Just as my brain will form patterns from what I see, which leads to optical illusions, so possibly consciousness is an illusion, a set of sensations or processes within the phenomenon imagined to be one continuous discrete phenomenon. But memories pop into consciousness from somewhere, “the unconscious”, or words can elude me- “It’s on the tip of my tongue”- so the conscious self is continually affected by the unconscious.
I know there is no homunculus living inside my skull and looking out- I know this because I am aware of where my toes are, right now (in “toe separators” so that I can apply “superGel” candy pink colour, actually. The things we do for beauty.) “I” am the whole phenomenon, unconscious and conscious. I know that the conscious part is not the decision making part: where subjects were told to move one of their hands, and to choose which one to move, brain scanning equipment showed a choice made within the brain before the subject was aware of it. So my conscious may be of benefit to the phenomenon to explain its decisions, to rationalise rather than to decide.
I can tell you without consciousness of lying what I would do in a particular situation, then find myself in that situation and do something else entirely. So, consciousness may have the effect and benefit for me of fooling others. I would say that if I were sexually assaulted I would resist, but for the fact that when I was sexually assaulted in Piccadilly Gardens, Manchester, in the late 1990s I did not. I don’t know what I would do. I hope I would resist.
I know I am not “rational”, if by that you mean doing what is clearly in my interests, rationally calculated. I have desires which are irrational, and depending on how important it is to me to appear rational I am conflicted.

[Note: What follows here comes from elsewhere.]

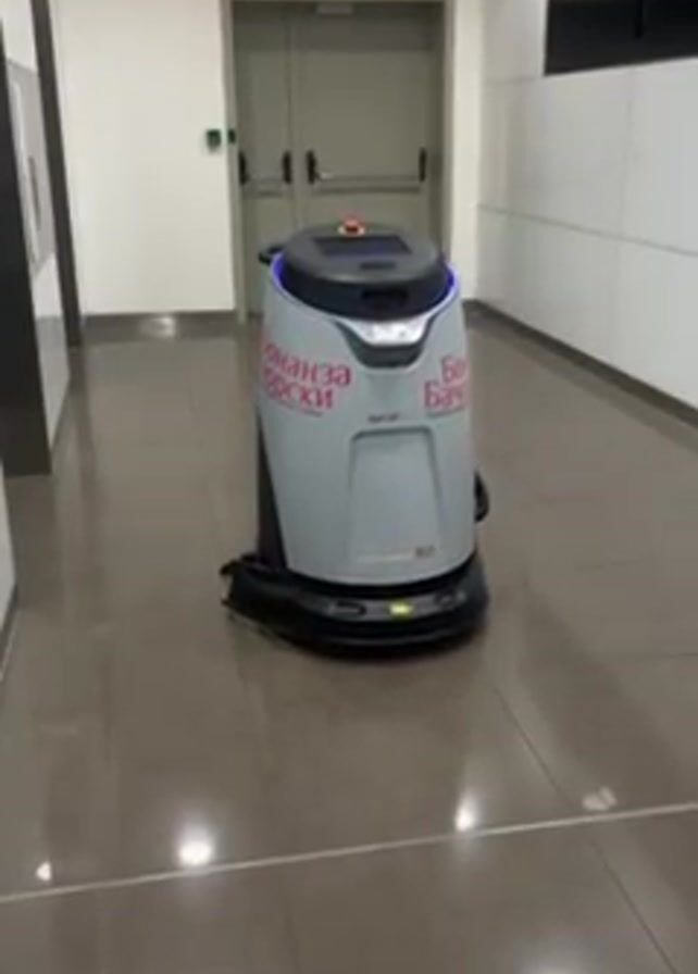 - "A gray and black robotic floor scrubber is seen in a brightly lit indoor space with gray tiled floors" by FM-KIPqC3, licensed under CC BY 4.0

I have desires which conflict in any case. “I hope I would resist” shows conflicting, unknown desires.
Sometimes I am aware of what I am feeling, and sometimes I am not. Sometimes feeling overwhelms me, and it seems like if I try to suppress it the unconscious part of me will not be ignored, and makes me cry or shout to make me conscious of it; or I can simply feel it without external sign. Sometimes there is external sign without me being conscious of the feeling.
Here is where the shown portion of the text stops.